> **Work task**
Would you return, word for word, the lines running from the one with "रांची : राजधानी" to the final line of the listing below, pictures omitted?

> **Stored data**
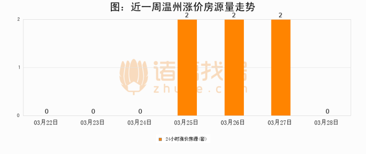 根据诸葛找房数据显示,温州24小时涨价房源量为0套,较03月27日减少2套,环比下降100%。与此同时,涨价房源占比小幅回落,对于购房者来说是一个入市窗口期,购房者可抓住时机入市。
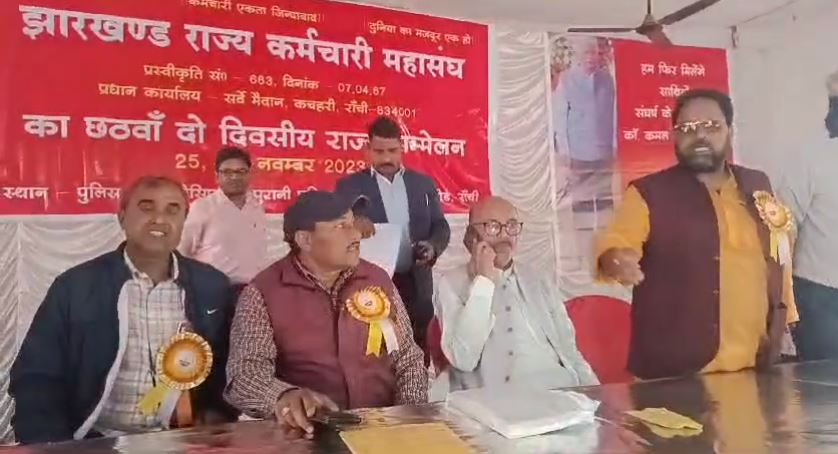 रांची : राजधानी रांची के पुलिस मेंस एसोसिएशन के सभागार में झारखंड राज्य कर्मचारी महासंघ का दो दिवसीय छठा राज्य सम्मेलन का शुभारंभ हुआ. जिनके खुले सत्र का उद्घाटन विधानसभा अध्यक्ष रविंद्र नाथ महतो के द्वारा किया गया. इस सम्मेलन में राज्य के कर्मचारी महासंघ से जुड़े सभी पदाधिकारी उपस्थित रहे.
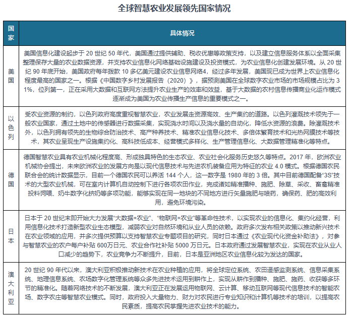 当前聪慧农业已成为世界现代化农业成长趋向,全球都正在加速聪慧农业结构,加深人工智能、大数据、云计较等手艺正在农业范畴的使用。此中美国、以色列、、日本、等国度的聪慧农业成长程度、聪慧农业的软硬件手艺程度处于较为领先的地位。

> **Solved exercise**
 रांची : राजधानी रांची के पुलिस मेंस एसोसिएशन के सभागार में झारखंड राज्य कर्मचारी महासंघ का दो दिवसीय छठा राज्य सम्मेलन का शुभारंभ हुआ. जिनके खुले सत्र का उद्घाटन विधानसभा अध्यक्ष रविंद्र नाथ महतो के द्वारा किया गया. इस सम्मेलन में राज्य के कर्मचारी महासंघ से जुड़े सभी पदाधिकारी उपस्थित रहे.
 当前聪慧农业已成为世界现代化农业成长趋向,全球都正在加速聪慧农业结构,加深人工智能、大数据、云计较等手艺正在农业范畴的使用。此中美国、以色列、、日本、等国度的聪慧农业成长程度、聪慧农业的软硬件手艺程度处于较为领先的地位。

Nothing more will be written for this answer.